Let ${\displaystyle X={\bigl \{}X_{1},\ldots ,X_{n}{\bigr \}}}$ be a finite set. The function ${\displaystyle \sigma :X\to X}$ is called a permutation if and only if it is one-to-one and onto.

Meaning, for all ${\displaystyle 1\leq i\leq n}$ there exists a unique ${\displaystyle 1\leq j\leq n}$ such that ${\displaystyle \sigma (X_{i})=X_{\sigma (i)}=X_{j}}$.

The set of all permutations of the elements of ${\displaystyle X}$ is denoted by ${\displaystyle S_{X}}$.
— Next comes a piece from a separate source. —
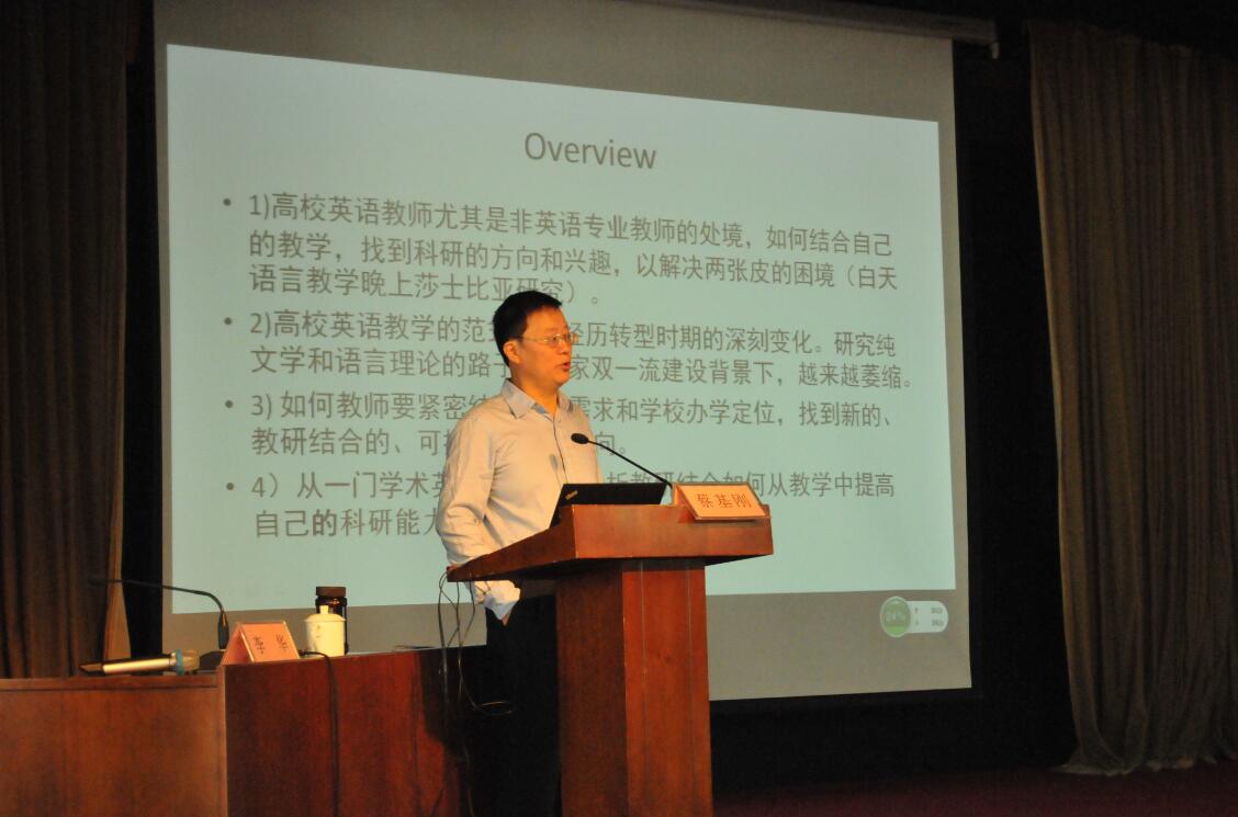 复旦大学蔡基刚教授做了题为《结合教学找到科研创新的源泉》的专题报告。蔡基刚教授首先对科研中的创新要求作了说明,从“怎样从教学中培养科研兴趣;从自己的教学实践中发现问题;从读教学期刊中发现问题;从教学改革中发现课题;从教学中培养自己的科研能力、方法、要求,掌握实证性研究的方法”五个方面结合语言理论和教学改革实践进行了深入阐述。他的讲座紧贴教学实际,信息量极为丰富,给教师们留下了深刻的印象。

For ${\displaystyle X={\bigl \{}1,2,3{\bigr \}}}$ there are ${\displaystyle 3!=6}$ different permutations:

${\displaystyle {\begin{aligned}&\sigma _{1}={\begin{bmatrix}1&2&3\\1&2&3\end{bmatrix}},\quad \sigma _{2}={\begin{bmatrix}1&2&3\\1&3&2\end{bmatrix}}\\[5pt]&\sigma _{3}={\begin{bmatrix}1&2&3\\2&1&3\end{bmatrix}},\quad \sigma _{4}={\begin{bmatrix}1&2&3\\2&3&1\end{bmatrix}}\\[5pt]&\sigma _{5}={\begin{bmatrix}1&2&3\\3&1&2\end{bmatrix}},\quad \sigma _{6}={\begin{bmatrix}1&2&3\\3&2&1\end{bmatrix}}\end{aligned}}}$

In general, if ${\displaystyle |X|=n}$ then ${\displaystyle |S_{X}|=n!=1\cdot 2\cdots n}$.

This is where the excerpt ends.